#### Exercise instructions:
Print, word for word, the opening line of the data below and every line after it through the line that contains "In the daytime of November", but not the pictures.

#### Recorded information:

Content starts

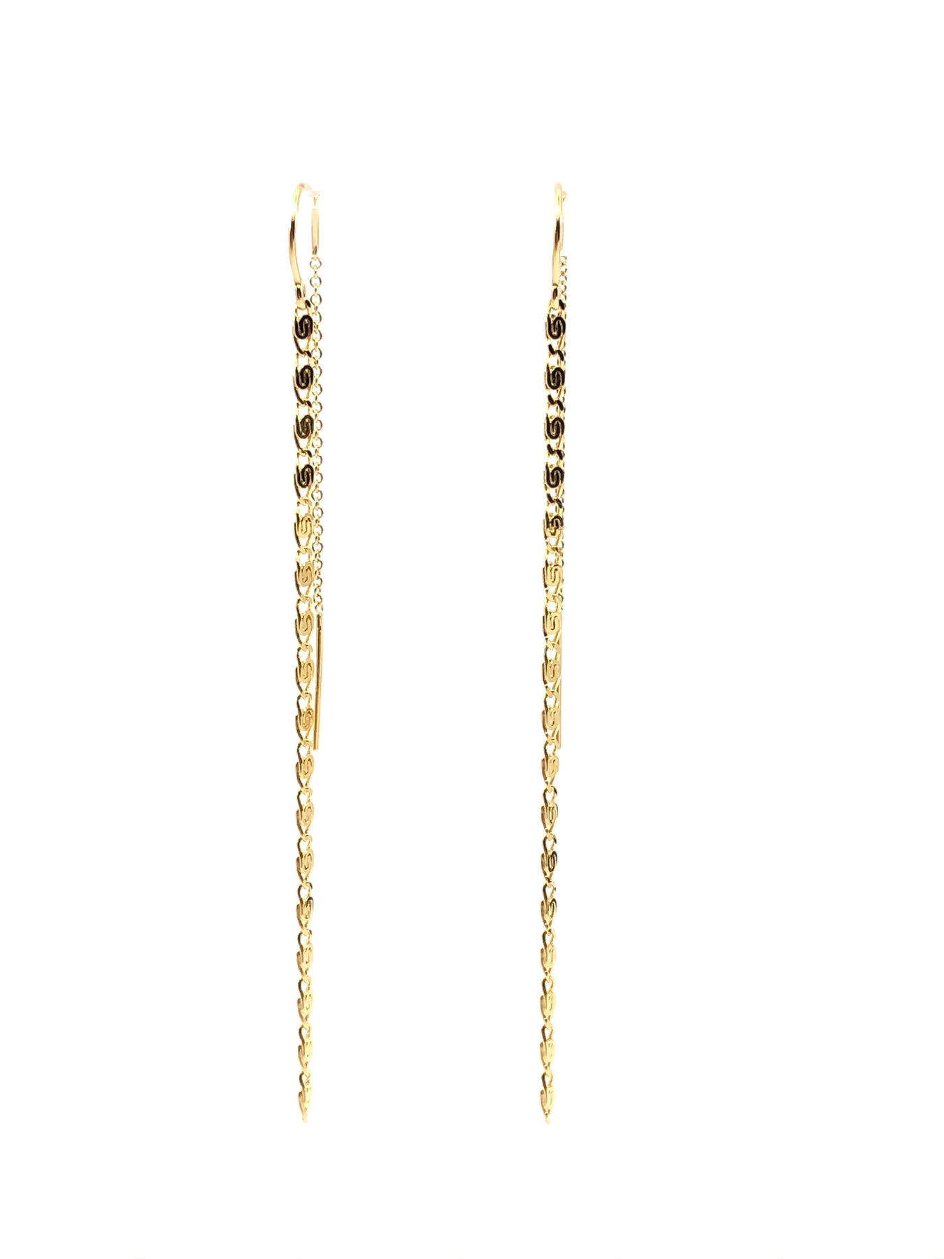 14kt gold fill chain threader earrings long and fun and easy to wear
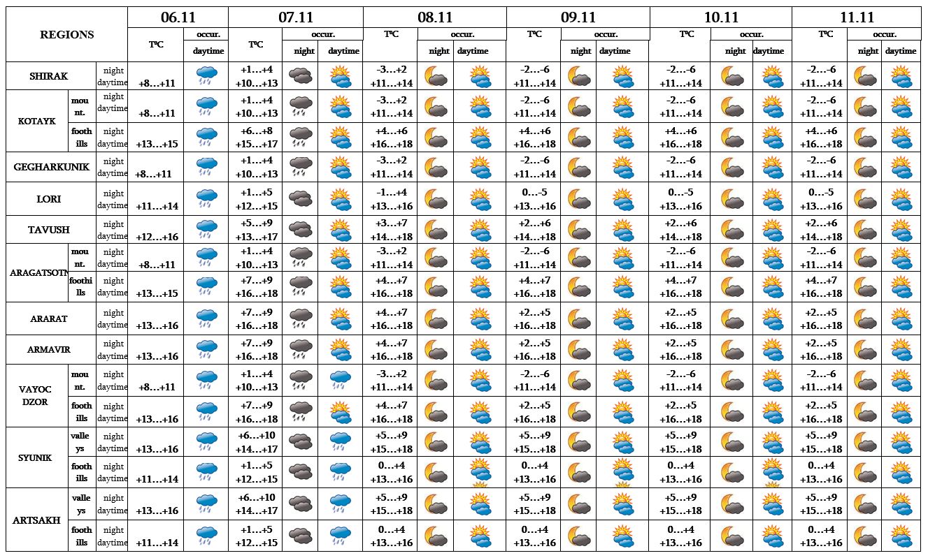 In the daytime of November 6, on 6, at night of 7 in most regions, in the daytime of 7 in separate regions from time to time rain and fog is predicted. On November 8-11 no precipitation is predicted.
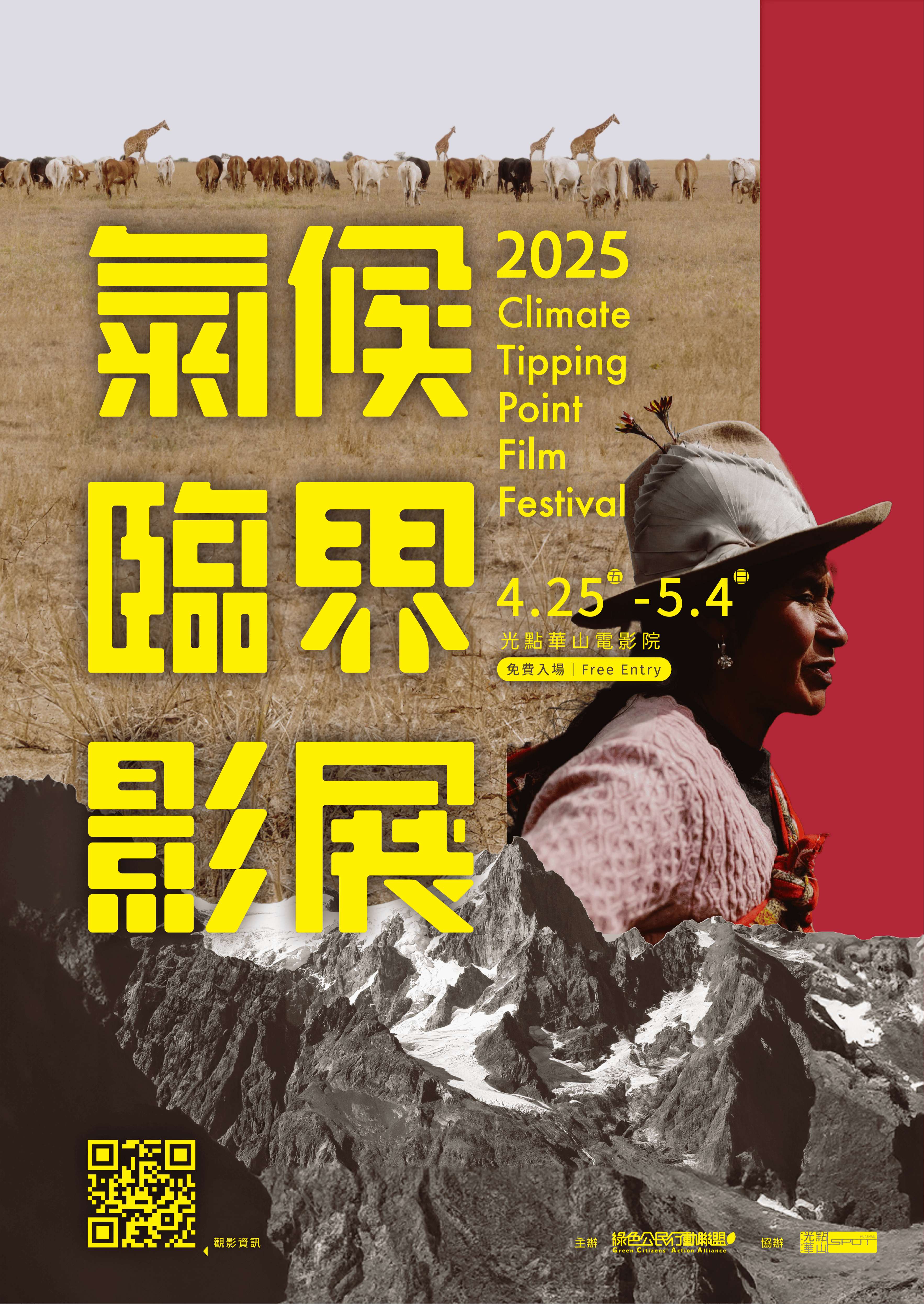 說明: 一、由綠色公民行動聯盟主辦之「2025氣候臨界影展」 (Climate Tipping Point Film Festival),訂於114年4 月25日(五)至5月4日(日)於臺北市光點華山電影館舉 行。 二、本屆影展精選15部紀錄片,橫跨歐洲、美洲、亞洲、非 洲,呈現了西伯利亞、冰島、秘魯、肯亞、烏干達及台灣 當下的環境衝擊與挑戰,不僅揭示人類忽視生態臨界點的 高昂代價,也號召著對氣候正義的集體覺醒,對跨越疆界 行動的即時回應。影展規劃「氣候災難地圖」、「跨界氣 候行動」、「核殤記憶真相」三大單元,直擊全球環境危 機。 三、影展每一場次皆為「免費索票入場」,可於開演前20分鐘至放映廳外之氣候臨界影展服務台索取,每人至多索取2 張,限當日當場次使用。座位有限,索完為止,票券遺失 或毀損恕無法重新補發。請準時於開演前10分鐘憑票入 場,自由入座,不劃位。一張票限一人使用。將視入場情 況,於開演後5分鐘開始開放現場排隊候補入場。為維護觀 影品質,開演後10分鐘一律不得入場,亦不得換票。詳情 請看附件。 四、本影展為免費公益性質,主辦方保留調整索票、入場規則 及場次資訊之空間,請至綠色公民行動聯盟臉書粉專留意 最新公告,或以現場主辦單位公告為準。如有索票問題, 請逕洽主辦單位:gcaa@gcaa.org.tw,電話:02- 23930500。

Content ends

#### Exercise solution:
 14kt gold fill chain threader earrings long and fun and easy to wear
 In the daytime of November 6, on 6, at night of 7 in most regions, in the daytime of 7 in separate regions from time to time rain and fog is predicted. On November 8-11 no precipitation is predicted.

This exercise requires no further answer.